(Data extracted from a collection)

-=-=-=-=-

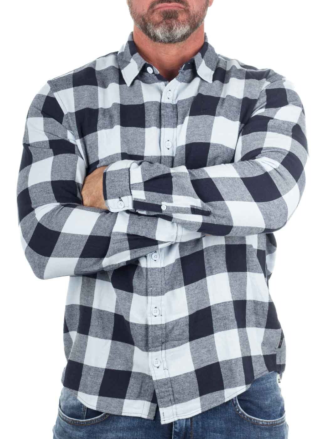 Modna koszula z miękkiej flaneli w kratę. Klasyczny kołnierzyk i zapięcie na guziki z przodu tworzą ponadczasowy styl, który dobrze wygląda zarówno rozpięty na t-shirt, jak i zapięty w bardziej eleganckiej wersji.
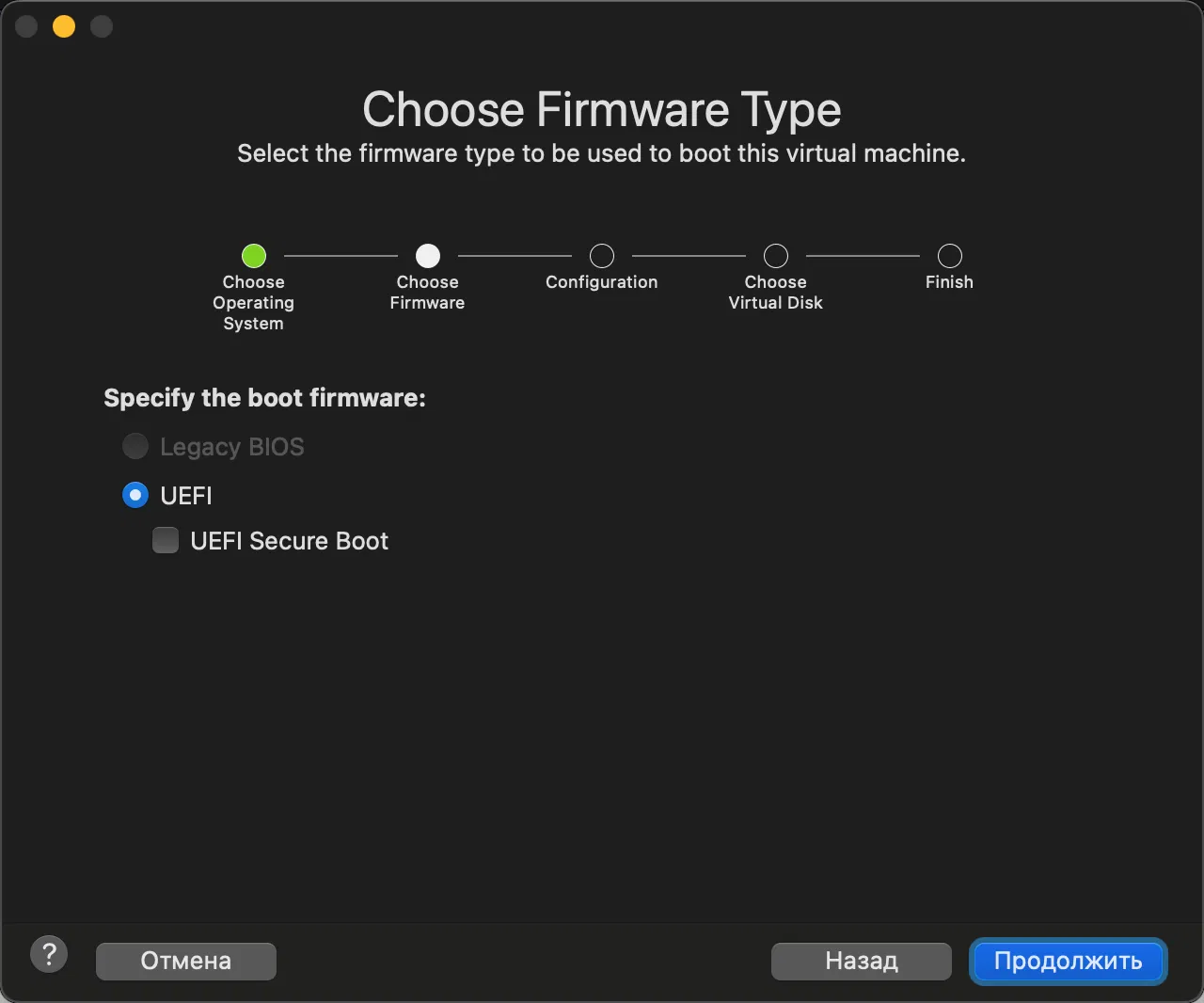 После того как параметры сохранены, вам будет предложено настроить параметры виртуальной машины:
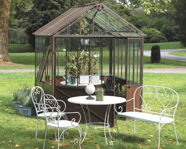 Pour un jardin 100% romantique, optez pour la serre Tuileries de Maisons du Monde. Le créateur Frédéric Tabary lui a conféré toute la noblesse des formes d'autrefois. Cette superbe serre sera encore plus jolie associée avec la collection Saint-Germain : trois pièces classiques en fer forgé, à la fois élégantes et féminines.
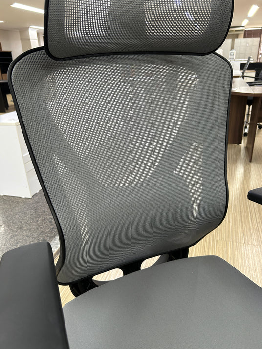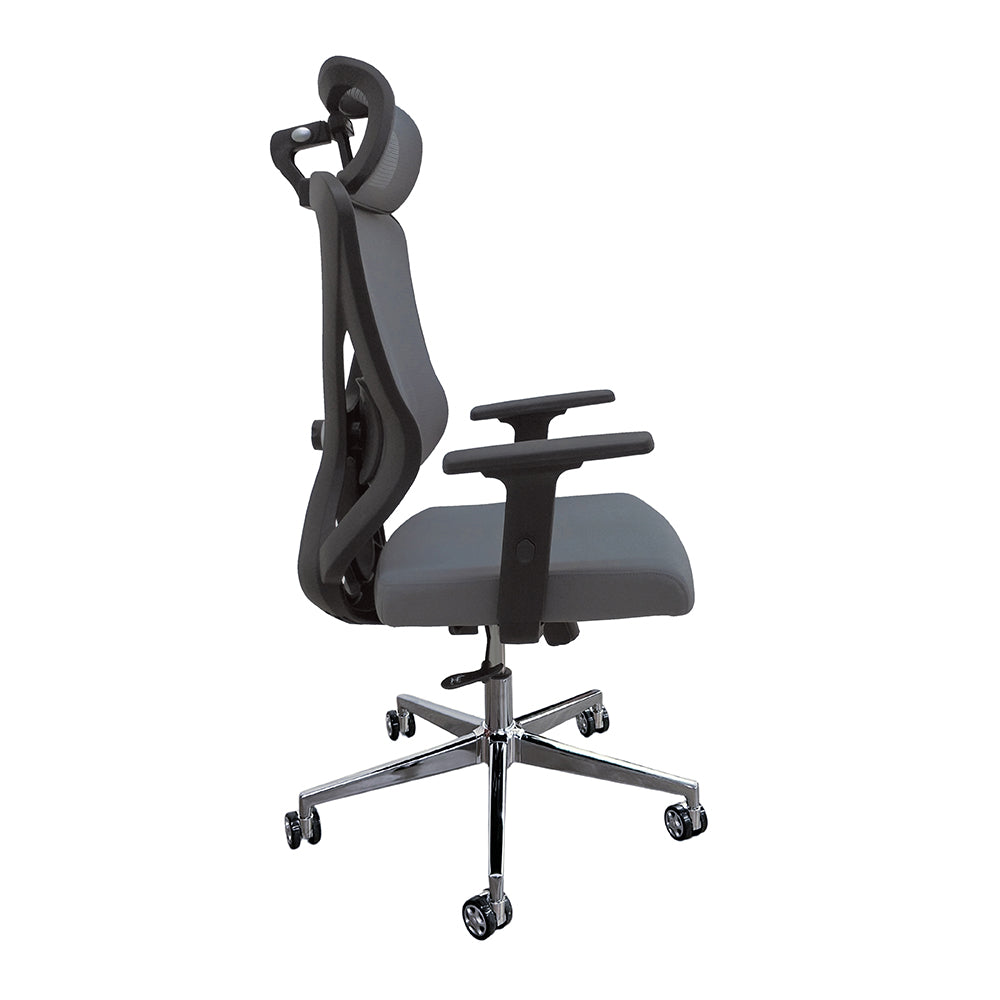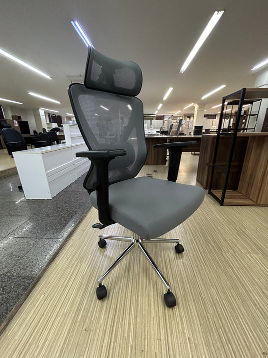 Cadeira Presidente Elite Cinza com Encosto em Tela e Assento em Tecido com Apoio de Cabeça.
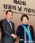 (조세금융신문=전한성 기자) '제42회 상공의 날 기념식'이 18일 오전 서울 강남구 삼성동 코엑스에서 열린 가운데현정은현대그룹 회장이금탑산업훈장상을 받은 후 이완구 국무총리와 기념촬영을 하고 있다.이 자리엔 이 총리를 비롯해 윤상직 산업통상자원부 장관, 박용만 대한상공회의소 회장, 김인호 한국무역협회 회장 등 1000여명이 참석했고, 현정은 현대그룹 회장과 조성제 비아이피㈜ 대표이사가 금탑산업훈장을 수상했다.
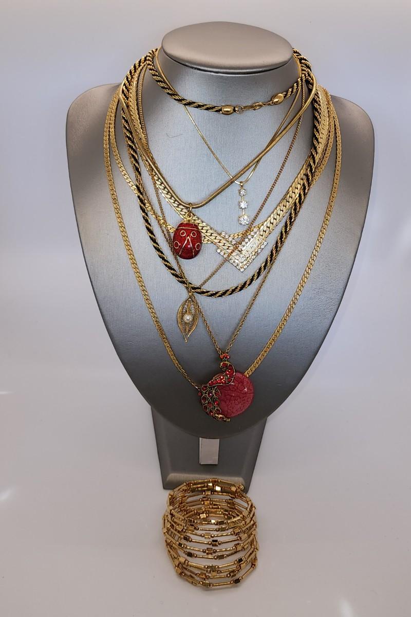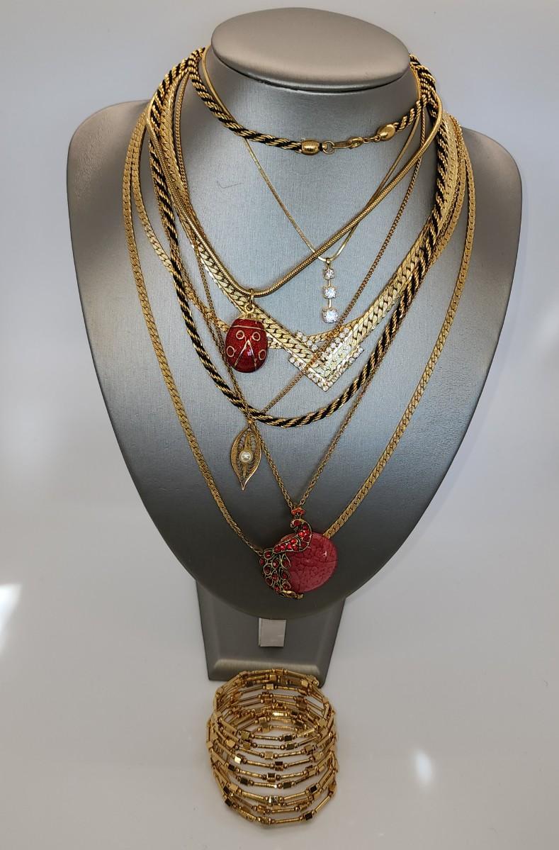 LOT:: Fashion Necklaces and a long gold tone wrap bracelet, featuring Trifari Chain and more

-=-=-=-=-

--- Activity ---
Starting at the line that contains "(조세금융신문=전한성 기자) '제42회", write out every line through the final line of the entries, word for word; skip any pictures.

--- Result below ---
 (조세금융신문=전한성 기자) '제42회 상공의 날 기념식'이 18일 오전 서울 강남구 삼성동 코엑스에서 열린 가운데현정은현대그룹 회장이금탑산업훈장상을 받은 후 이완구 국무총리와 기념촬영을 하고 있다.이 자리엔 이 총리를 비롯해 윤상직 산업통상자원부 장관, 박용만 대한상공회의소 회장, 김인호 한국무역협회 회장 등 1000여명이 참석했고, 현정은 현대그룹 회장과 조성제 비아이피㈜ 대표이사가 금탑산업훈장을 수상했다.
 LOT:: Fashion Necklaces and a long gold tone wrap bracelet, featuring Trifari Chain and more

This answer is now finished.